§ **Task**:
Pictures excluded, reproduce exactly the lines below from the one with "2025年9月分工賃実績" through the one with "Lauma est un", both included.

§ **Provided records**:
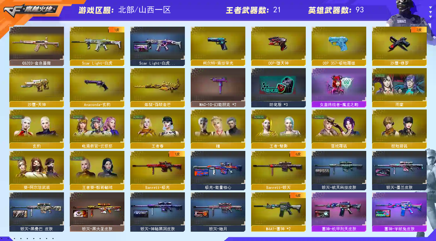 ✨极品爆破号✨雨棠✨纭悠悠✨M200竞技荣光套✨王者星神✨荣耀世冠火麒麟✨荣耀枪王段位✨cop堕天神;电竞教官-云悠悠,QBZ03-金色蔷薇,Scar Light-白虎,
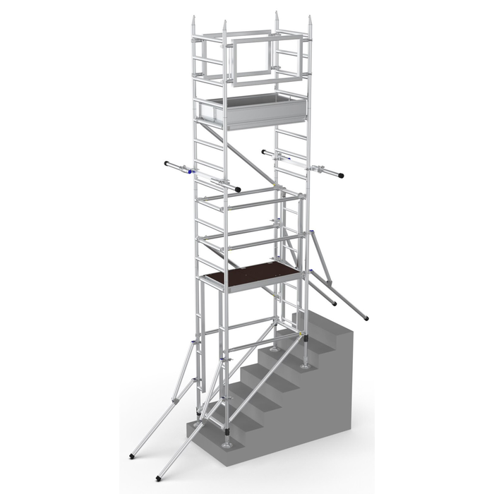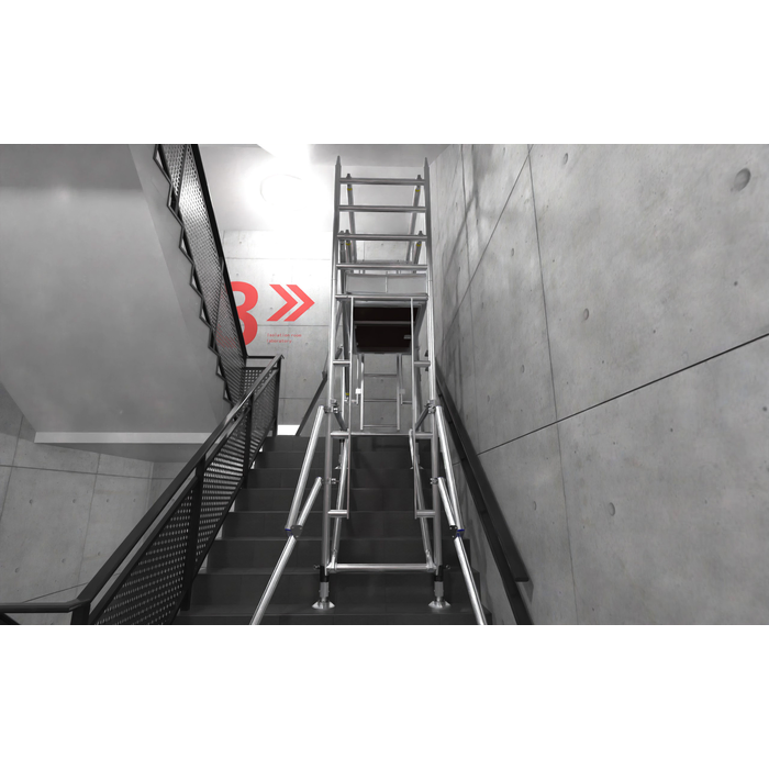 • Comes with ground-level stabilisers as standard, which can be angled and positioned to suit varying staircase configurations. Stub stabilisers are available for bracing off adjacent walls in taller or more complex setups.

==

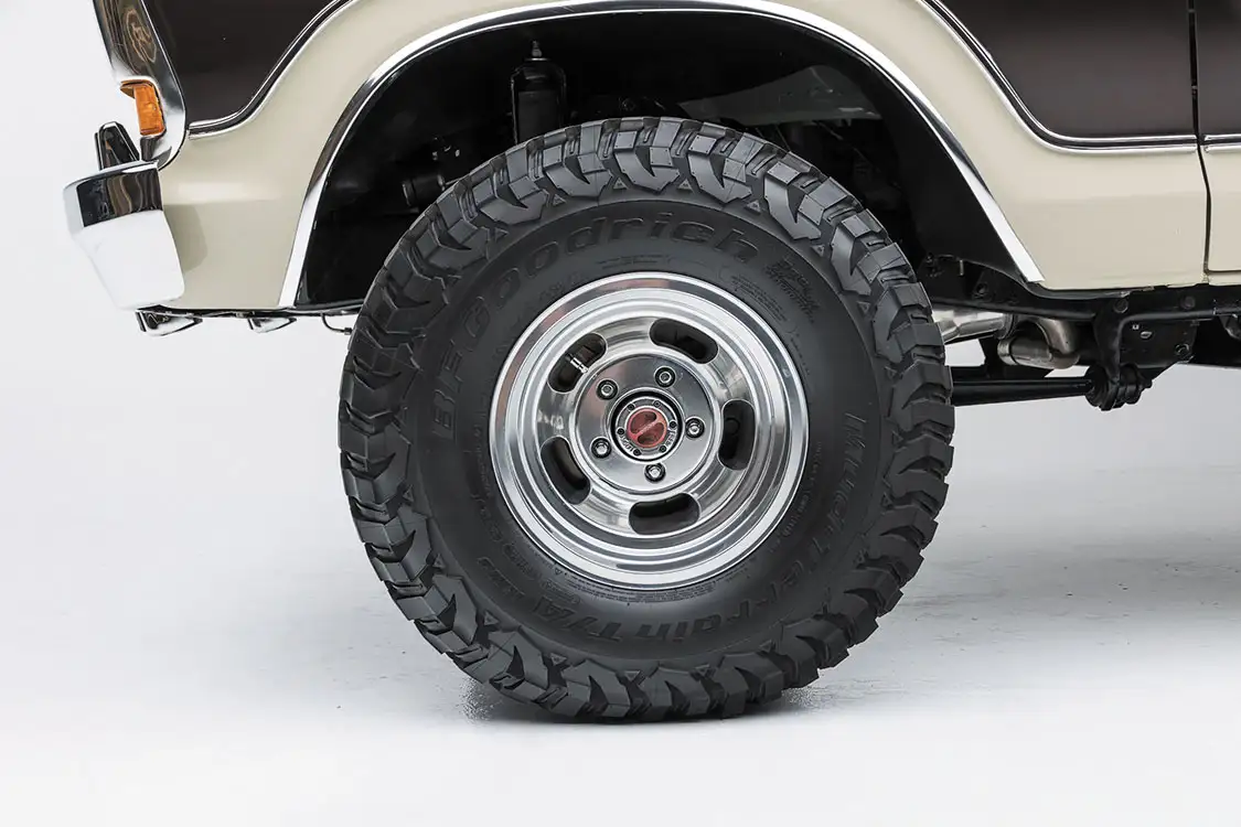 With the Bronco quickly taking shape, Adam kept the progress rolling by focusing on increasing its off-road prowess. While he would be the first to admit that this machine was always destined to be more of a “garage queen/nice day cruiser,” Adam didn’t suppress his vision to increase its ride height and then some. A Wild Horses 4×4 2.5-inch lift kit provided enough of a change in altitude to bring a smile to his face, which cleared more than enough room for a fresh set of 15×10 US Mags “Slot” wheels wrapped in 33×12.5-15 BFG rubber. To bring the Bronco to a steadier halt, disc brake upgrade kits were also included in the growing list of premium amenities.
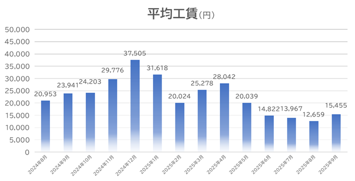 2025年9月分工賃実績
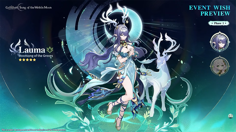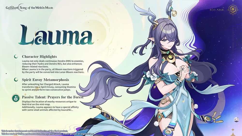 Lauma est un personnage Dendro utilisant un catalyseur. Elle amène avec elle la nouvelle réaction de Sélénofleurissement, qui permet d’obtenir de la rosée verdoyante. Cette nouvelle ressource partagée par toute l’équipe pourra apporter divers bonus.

§ **Answer area**:
 2025年9月分工賃実績
 Lauma est un personnage Dendro utilisant un catalyseur. Elle amène avec elle la nouvelle réaction de Sélénofleurissement, qui permet d’obtenir de la rosée verdoyante. Cette nouvelle ressource partagée par toute l’équipe pourra apporter divers bonus.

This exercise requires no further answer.